The 21 cm Mörser M. 16 was a heavy howitzer used by Austria-Hungary during World War I. Skoda began design in 1915 for a wheeled howitzer that could be towed in a single load by a tractor. The first prototype wasn't satisfactory as it was too heavy and traversing was difficult due to the very high limber bar pressure. A second howitzer was delivered in mid-1917 that broke down into two loads for transport. This, at least, cured the traversing problem of the first weapon, as reported by the test battery assigned to the 11th Army.  In the meantime, however, a third prototype had been ordered as the M. 18 with a carriage based on that of the 30.5 cm Mörser M. 16 that would allow for full traverse at the price of more time needed to emplace the firing platform.
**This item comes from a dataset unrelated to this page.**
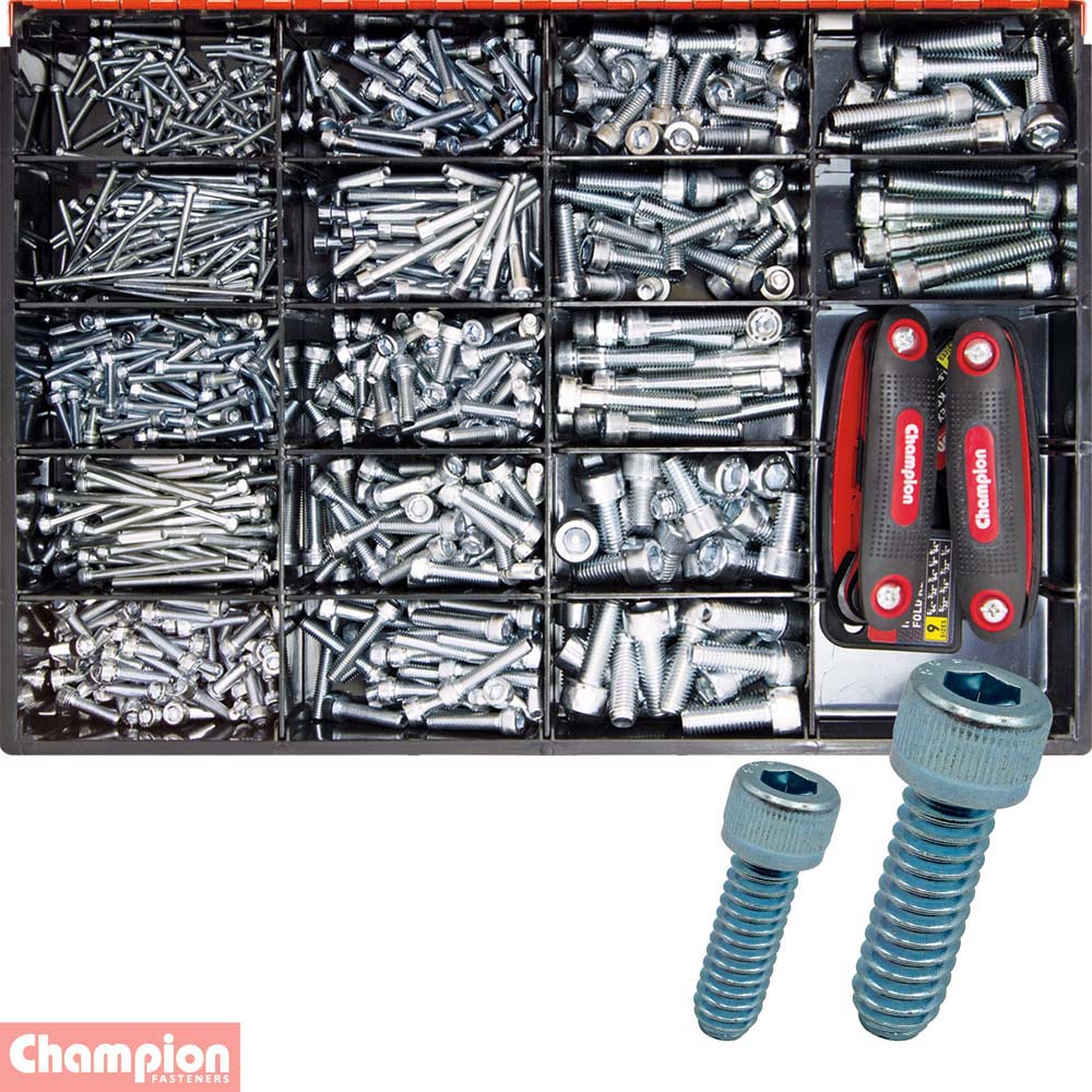 CA5417 | Champion 782pc H/Tensile Socket Head Cap Screw Assortment High Tensile Grade 8.8 Socket Head Cap Screws Metric Zinc Plated 2 Sets of Allen Included 38 Sizes: M3 x 10mm to M10 x 50mm 782 pieces Replacement Packs: PART NO. PACK QTY DESCRIPTION M91203010 25 *3 x 10mm – Z/P M91203016 25 *3 x 16mm – Z/P M91203020 25 *3 x 20mm – Z/P M91203025 25 *3 x 25mm – Z/P M91203030 25 *3 x 30mm – Z/P M91203050 25 *3 x 50mm – Z/P M91204010 25 *4 x 10mm – Z/P M91204016 25 *4 x 16mm – Z/P M91204020 25 *4 x 20mm – Z/P M91204025 25 *4 x 25mm – Z/P M91204030 25 *4 x 30mm – Z/P M91204050 25 *4 x 50mm – Z/P M91205010 25 *5 x 10mm M91205016 25 *5 x 16mm M91205020 25 *5 x 20mm M91205025 25 *5 x 25mm M91205030 25 *5 x 30mm M91205040 25 *5 x 40mm M91205050 25 *5 x 50mm M91206010 25 *6 x 10mm M91206016 25 *6 x 16mm M91206020 25 *6 x 20mm M91206025 25 *6 x 25mm M91206030 25 *6 x 30mm M91206040 25 *6 x 40mm M91206050 25 *6 x 50mm M91208016 15 *8 x 16mm M91208020 15 *8 x 20mm M91208025 10 *8 x 25mm M91208030 10 *8 x 30mm M91208040 10 *8 x 40mm M91208050 10 *8 x 50mm – Z/P M91210016 10 10 x 16mm M91210020 10 10 x 20mm M91210025 10 10 x 25mm M91210030 10 10 x 30mm M91210040 10 10 x 40mm M91210050 10 10 x 50mm CFK-M 1 FOLD KEY SET – METRIC HEX – 8 SIZES CFK-MB 1 FOLD KEY SET – METRIC HEX BALL – 8 SIZES

It broke down into three loads for transport. No M. 18s were delivered by the end of the war, although Skoda built some modified versions as the M. 18/19 for the newly independent Republic of Czechoslovakia where they were known as the 21 cm Mozdir vz. 18. After the Occupation of Czechoslovakia in 1939 the Germans adopted them under the names of 21 cm Mörser 18/19(t) or kurze 21 cm Mörser(t) and used at least 15 on coast-defense duties in Norway.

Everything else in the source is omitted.